# Deer Ammunition



## Hunter_58346 (May 22, 2003)

Anybody else having trouble finding ammo??? Devils Lake is out of all popular calabers.


----------



## doubledroptine08 (Feb 8, 2009)

was at walmart today and they were all out of 270 and a few other calibers. :sniper:


----------



## Fallguy (Jan 23, 2004)

Hmm...let's see. Scheels and other stores have had signs up for the last YEAR talking about the ammo shortage. I was in Scheels and Cabela's last night with some hunting buddies who were in town to get some last minute supplies, and I could NOT believe the number of people in there ticked off because they couldn't find the ammo they wanted---THE NIGHT BEFORE THE SEASON! Badmouthing the stores and workers isn't gonna fix the problem.

People need to be more prepared I think. :eyeroll:


----------



## Arkie (Jan 14, 2009)

Just my opinion, but I think the wrong people were voted into office! People are worried about there 2nd ammendment rights being stripped. Stockpilers are feeding the shortage. This kinda sucks for people like us tryin to find ammo to hunt with. Hopefully people will wake up and vote a little wiser next election.

This ad (opinion) was paid for by all the brave men and women who have shed there blood for this wonderful country of ours. GOD BLESS THEM ALL!!!


----------



## doubledroptine08 (Feb 8, 2009)

im not bad mouthing anybody i am just saying. i am not one of the people who have to get shells the nite before. i was jsut suprised that places were out of such popular calibers. :sniper:


----------



## Colt (Oct 25, 2007)

Did you even sight in your rifle yet?


----------



## Sasha and Abby (May 11, 2004)

lol


----------



## beaverskins (Mar 11, 2009)

you mean you have to sight your rifle in, i thought you just put the scope on and went hunting  ........hahahahaha joking


----------



## Hunter_58346 (May 22, 2003)

Devils lake just got in 31 boxes of 270 and will have 100 .243 tomorrow


----------



## alleyyooper (Jul 6, 2007)

How caqn people go from one season (last year) to the next with out having shells for their gun?

What would they use if a war were to break out, sling shot?

 Al


----------



## huntin1 (Nov 14, 2003)

I don't have a problem finding ammo, when I run low I reload some more. 

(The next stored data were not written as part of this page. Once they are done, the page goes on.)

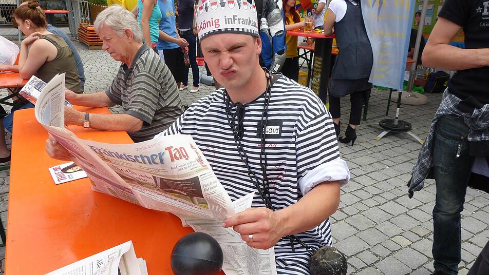 In einer Sträflingsmontur hat es ihn und Freunde zu einem Junggesellenabschied aus dem thüringischen Dorfilm nach Lichtenfels verschlagen. "Ich musste in den Zug steigen, wusste nicht, wohin es geht, dann hieß es: aussteigen", sagt er. Sein Grimm ist verflogen, er hat eine Ausgabe des FT in der Hand, lässt am Info-Stand ein Scherzbild von sich und seinen Kumpels anfertigen und sieht gut gelaunt seiner Vermählung entgegen.
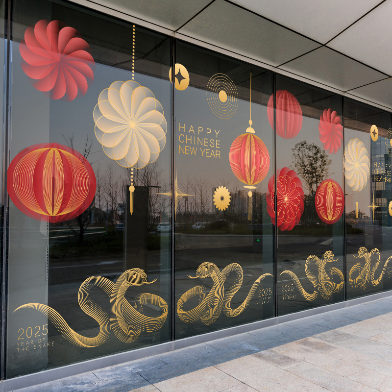 蛇年简约装饰春节玻璃落地橱窗花静电贴纸写字楼幕墙4S店窗贴新年
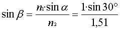 oder sinβ = (sinα·nVakuum-Luft):nVakuum-Wasser = (sin50°·1,000006):1,333333 β = 35,1°
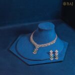 Gracefully adorned with 4.4 carats of natural diamonds, this light wear diamond necklace set for bride exudes charm with its floral green accents. Crafted in 18kt gold, the delicate arrangement offers the perfect blend of elegance and radiance—an ideal bridal jewellery pick for wedding functions and receptions.
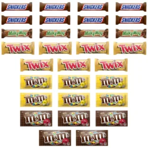 This 30-count variety mix of full size chocolate bars features SNICKERS, TWIX, M&M’S Peanut Chocolate Candies, M&M’S Milk Chocolate Candies and MILKY WAY Chocolate Candy Bars.
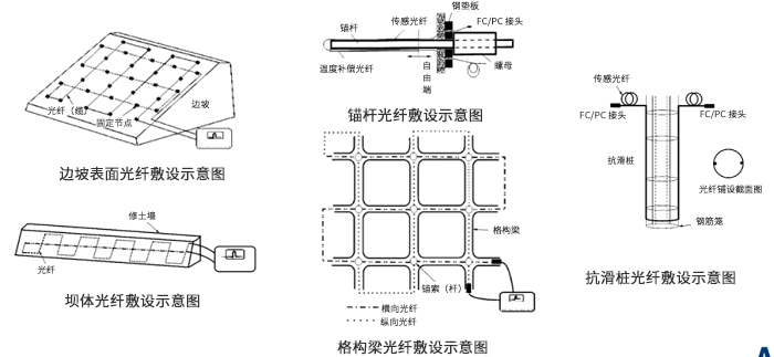 1.特殊的安裝工藝可保證應力監測光纜與壩體邊坡緊密結合,精確傳導形變,對形變、沉降等現象進行預警;

Well, ecept for my 308 168 grn match ammo, that I order by the case direct from Black Hills. I won't tell how much I have on hand though. 

I mean, one box, that's all I keep on hand, one 20 round box. Yeah that's it, one box.  8)

:beer:

huntin1


----------



## KurtR (May 3, 2008)

just going down to the dungeon as my wife calls it to roll some more. Running a little low on varget though and will have to start searching agin. will never buy another round of factory ammo agin.


----------



## Fallguy (Jan 23, 2004)

Yeah I agree that is another reason why I started reloading this last year.


----------



## People (Jan 17, 2005)

alleyyooper I guess some just like to have a club that is a horable club. Me I am so glad I have been reloading for so long it is not funny. have you seen the cost of 338LM factory ammo? I am loading it for a buck a shot. Oh yeah a AR30 makes a very bad club but an perfect rifle to hit stuff super hard at 1,000 yds.

Chuck Norris was what Willis was talkin' about.


----------



## Duckslayer100 (Apr 7, 2004)

Arkie said:


> Just my opinion, but I think the wrong people were voted into office! People are worried about there 2nd ammendment rights being stripped. *Stockpilers are feeding the shortage.* This kinda sucks for people like us tryin to find ammo to hunt with. Hopefully people will wake up and vote a little wiser next election.
> 
> This ad (opinion) was paid for by all the brave men and women who have shed there blood for this wonderful country of ours. GOD BLESS THEM ALL!!!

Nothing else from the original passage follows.